My grandmother had her own special smell, to sit on her lap meant that you would be enveloped in this warmth, she always smelled like the bread she baked every day and there was somthing else, a hint of something perfumed and sweet. I would detect this scent when I would go to wash up but it took me years to find out what this smell was. Now people look at me funny when I shop because really, what kind of loon would stand in the aisle and smell the soap? (I did this very thing this afternoon). That’s what it was dear readers, Dove soap. She would save the chips and put them into a little basket above the sink as she was never one to waste anything. The smell triggers bittersweet memories as it seems like only yesterday that I would sit down in their kitchen and snack on cheese and crackers, smoked fish, and the the homemade raspberry jam my grandfather made. We’d complement these meals with cup after cup of sweet aromatic tea.
They’re gone now and all I am left with is a wealth of good memories that are often triggered by sawdust, soap, or freshly baked bread. If you see a guy sniffing soap in the aisle looking like he might cry… that’s me.
I liked naps ever since I was a child.There is nothing like crawling under the covers to smell the sheets that only a little earlier were hung out on the line to dry. This is a smell that Lola doesn’t like, perhaps because her sheets always smelled like traffic. So we compromise and put them in the dryer and then they don’t really smell right until Lola has slept on them.
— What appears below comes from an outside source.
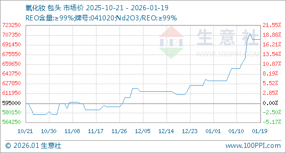1月19日,生意社氧化钕基准价为700000.00元/吨,与本月初(632500.00元/吨)相比,上涨了10.67%。

I remember the first time she ever slept over and how reluctant I was to wash the pillowcases because they smelled like her.
Don’t even get me started on coffee, dark roasted and freshly ground is the only way to go.
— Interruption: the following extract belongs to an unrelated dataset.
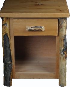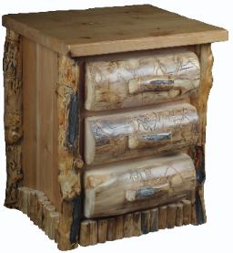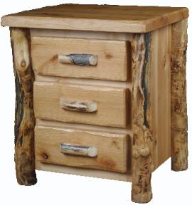 | Three Drawer Aspen Night Stand with Aspen Half Log Drawer Fronts, Burley Aspen Corners and Drawer Pulls, with vertical trim on the bottom. |
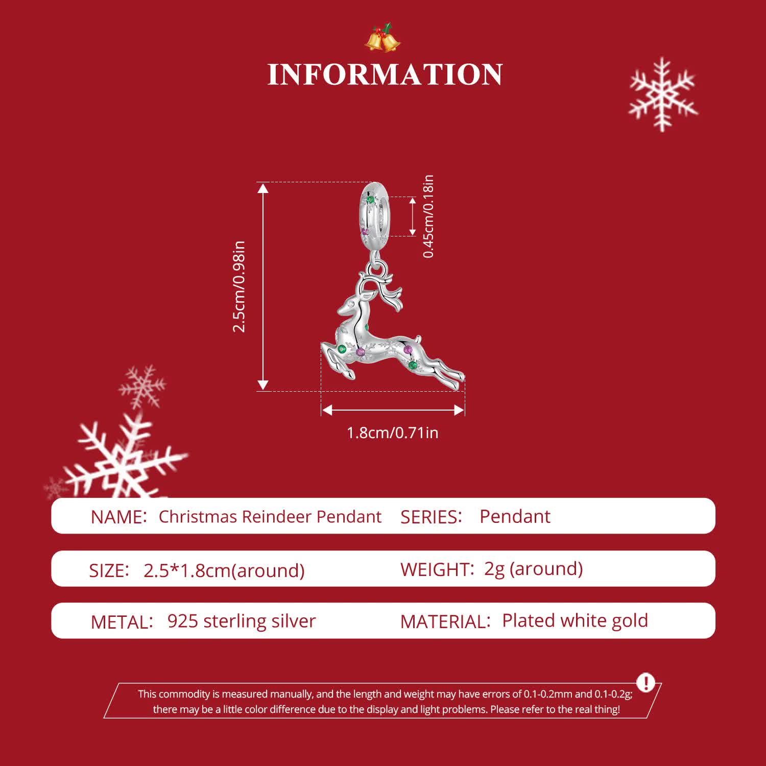 Embrace the holiday spirit with this elegant Sterling Silver Reindeer Charm. Featuring a detailed reindeer design adorned with colorful accents and snowflake engravings, this charm is a thoughtful gift for loved ones.

It would be an understatement to say I have a well developed sense of smell. As I type this I can smell Lola as she was when she came from the shower, fresh and warm with a hint of flannel. The little girl who just fell asleep on lap is what’s kept me from getting to bed for the second night in a row. She smells good, baby fresh with a hint of the Doritos she was snacking on before sleep claimed her.
I just tucked her in, after reading and writing this I decided to wrap her in her blanky as her sheets just got washed yesterday. That’s probably why she has had such a tough time sleeping, her bed didn’t’t smell right to her.